Slip and falls are the second leading cause of injuries in this county. Tenants are not exempt from these accidents and may file lawsuits against landlords who did not take reasonable measures to prevent slip and falls.
Many defects and conditions at rental properties can cause slip and fall injuries. These include sidewalk or driveway cracks, broken steps, poor illumination of stairs and stairwells, slippery or wet floors, snow, or ice.
Tenants possess the right to live in a rental property that is reasonably free from permanent or temporary hazards.
Property owners may be held liable for slip and fall injuries if they were negligent. Typically, injured tenants or their guests must show that:
- The landlord had the legal duty of exercising reasonable care.
- Did not exercise this duty.
- There was physical harm from the landlord’s neglect.

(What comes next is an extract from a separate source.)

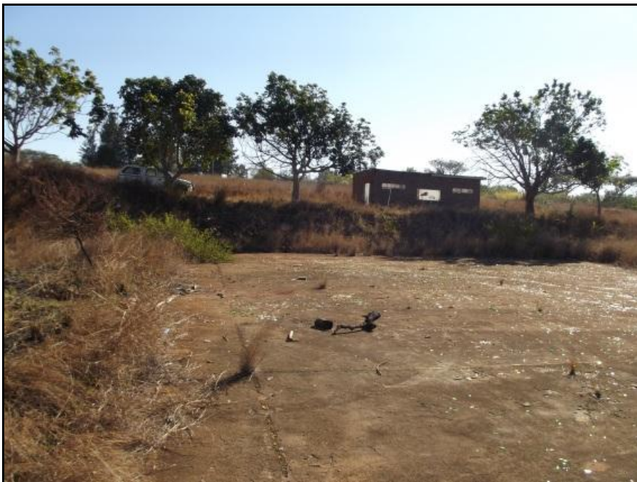
Fig. 6. Site CW 2. View to the north of the netball courts.
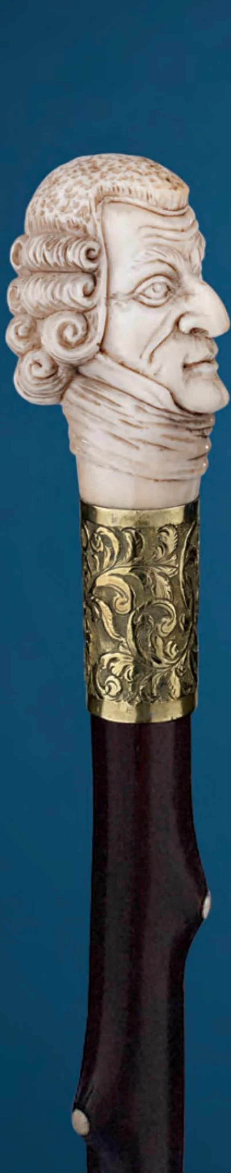
Thomas Jefferson Cane A stately bust of the former president serves as the knob of this decorative walking stick. 35" length. $1,985. #31-2189

- The victim suffered financial or other damages from the physical harm.
- The harm could have been avoided if the property owner exercised reasonable care.
- The landlord knew or should have known about the condition that caused the accident.
There are many examples of landlord negligence that play a role in slip and fall accidents. For example, the property owner did not remove snow and ice from sidewalks within a reasonable time, failure to fix a leaking roof that causes a puddle to form on steps after it rains, or not repairing a sinking sidewalk that caused an uneven footpath.
Landlords may also be held negligent if they fail to warn about a hazardous condition. Not placing placards or cones in front of a wet floor or stairway is an example of this negligence
Seek medical care for any injury, even if it was minor. Take pictures of the hazard or dangerous condition, if possible.
Slip and fall injuries can require long-term care and cause other losses. Attorney can assist victims with seeking compensation and filing a timely lawsuit.